▶ [INSTRUCTIONS TO FOLLOW]: The entries must be repeated verbatim, and their images left out.

▶ [Collected data entries]:
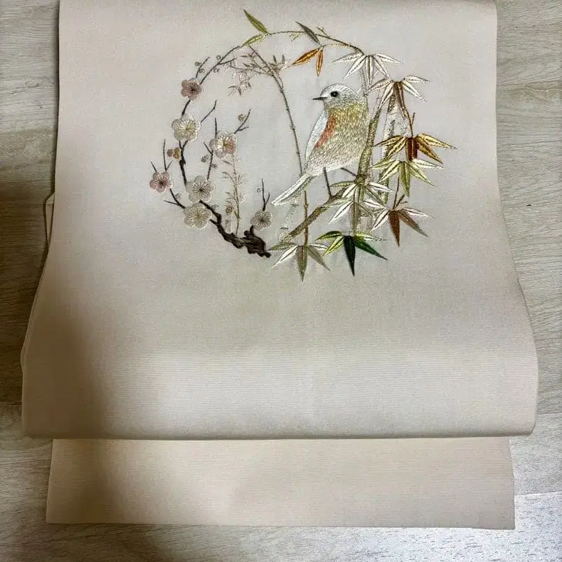 매화 대나무에 꾀꼬리 계곡 자수 나고야 오비 o-77
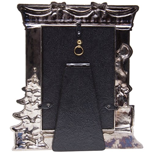 -. Feature : Beautiful pewter picture frame holds one 3.5" x 5" inserted through the back of the frame / Design features a child hanging a Christmas stocking and a Christmas tree with presents / This photo frame is perfect for displaying family photos or a picture with Santa Claus / The timeless design is great for all ages, makes the perfect stocking stuffer, and can be used for years to come
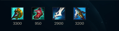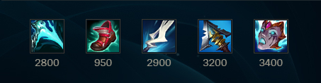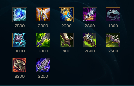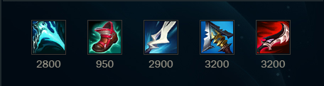 This build is quite different from all the builds discussed for various reasons. This build only has 55 ability haste compared to the other builds which can reach over 100 ability haste. However, the build trades the ability haste for high attack speed from Kraken Slayer and Guinsoo’s Rageblade. This build also has extremely low flexibility since only Lord Dominik’s Regard can be swapped out for Serylda’s Grudge in situations where you want the slow to kite enemy champions. If you must have one of the other situational items, most likely Lord Dominik’s Regard would be swapped out, but it may be better to use a different build that would allow more flexibility.
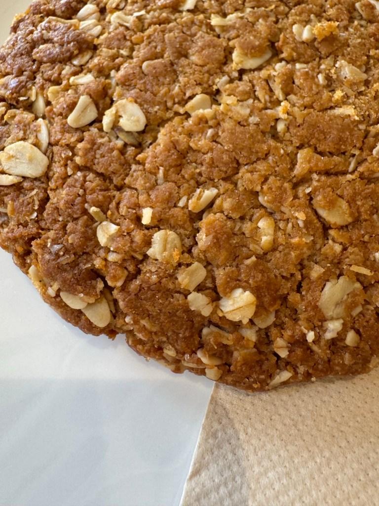 Anzac biscuits are traditional sweet biscuits from Australia and New Zealand, made from rolled oats, flour, sugar, butter, golden syrup, and baking soda, with desiccated coconut often added. They were created during World War I for soldiers of the Australian and New Zealand Army Corps (ANZAC) because their ingredients allowed them to survive long sea journeys without spoiling. The recipe traditionally omits eggs to ensure shelf stability, resulting in a biscuit that can be either crispy or chewy depending on the bake time. Ours included coconut and were crispy.
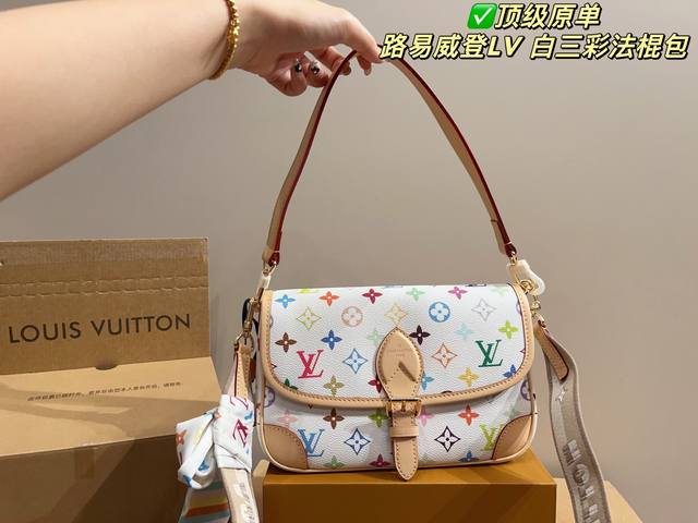 顶级原单 配折叠盒尺寸16.11 路易威登Lv 白三彩法棍包 人间白三彩真漂亮啊白三彩系列每一只都值得收藏 又可以搭配俏皮可爱下次想试试洒脱一点穿搭彩色老花 五

▶ [TASK ANSWER]:
 매화 대나무에 꾀꼬리 계곡 자수 나고야 오비 o-77
 -. Feature : Beautiful pewter picture frame holds one 3.5" x 5" inserted through the back of the frame / Design features a child hanging a Christmas stocking and a Christmas tree with presents / This photo frame is perfect for displaying family photos or a picture with Santa Claus / The timeless design is great for all ages, makes the perfect stocking stuffer, and can be used for years to come
 This build is quite different from all the builds discussed for various reasons. This build only has 55 ability haste compared to the other builds which can reach over 100 ability haste. However, the build trades the ability haste for high attack speed from Kraken Slayer and Guinsoo’s Rageblade. This build also has extremely low flexibility since only Lord Dominik’s Regard can be swapped out for Serylda’s Grudge in situations where you want the slow to kite enemy champions. If you must have one of the other situational items, most likely Lord Dominik’s Regard would be swapped out, but it may be better to use a different build that would allow more flexibility.
 Anzac biscuits are traditional sweet biscuits from Australia and New Zealand, made from rolled oats, flour, sugar, butter, golden syrup, and baking soda, with desiccated coconut often added. They were created during World War I for soldiers of the Australian and New Zealand Army Corps (ANZAC) because their ingredients allowed them to survive long sea journeys without spoiling. The recipe traditionally omits eggs to ensure shelf stability, resulting in a biscuit that can be either crispy or chewy depending on the bake time. Ours included coconut and were crispy.
 顶级原单 配折叠盒尺寸16.11 路易威登Lv 白三彩法棍包 人间白三彩真漂亮啊白三彩系列每一只都值得收藏 又可以搭配俏皮可爱下次想试试洒脱一点穿搭彩色老花 五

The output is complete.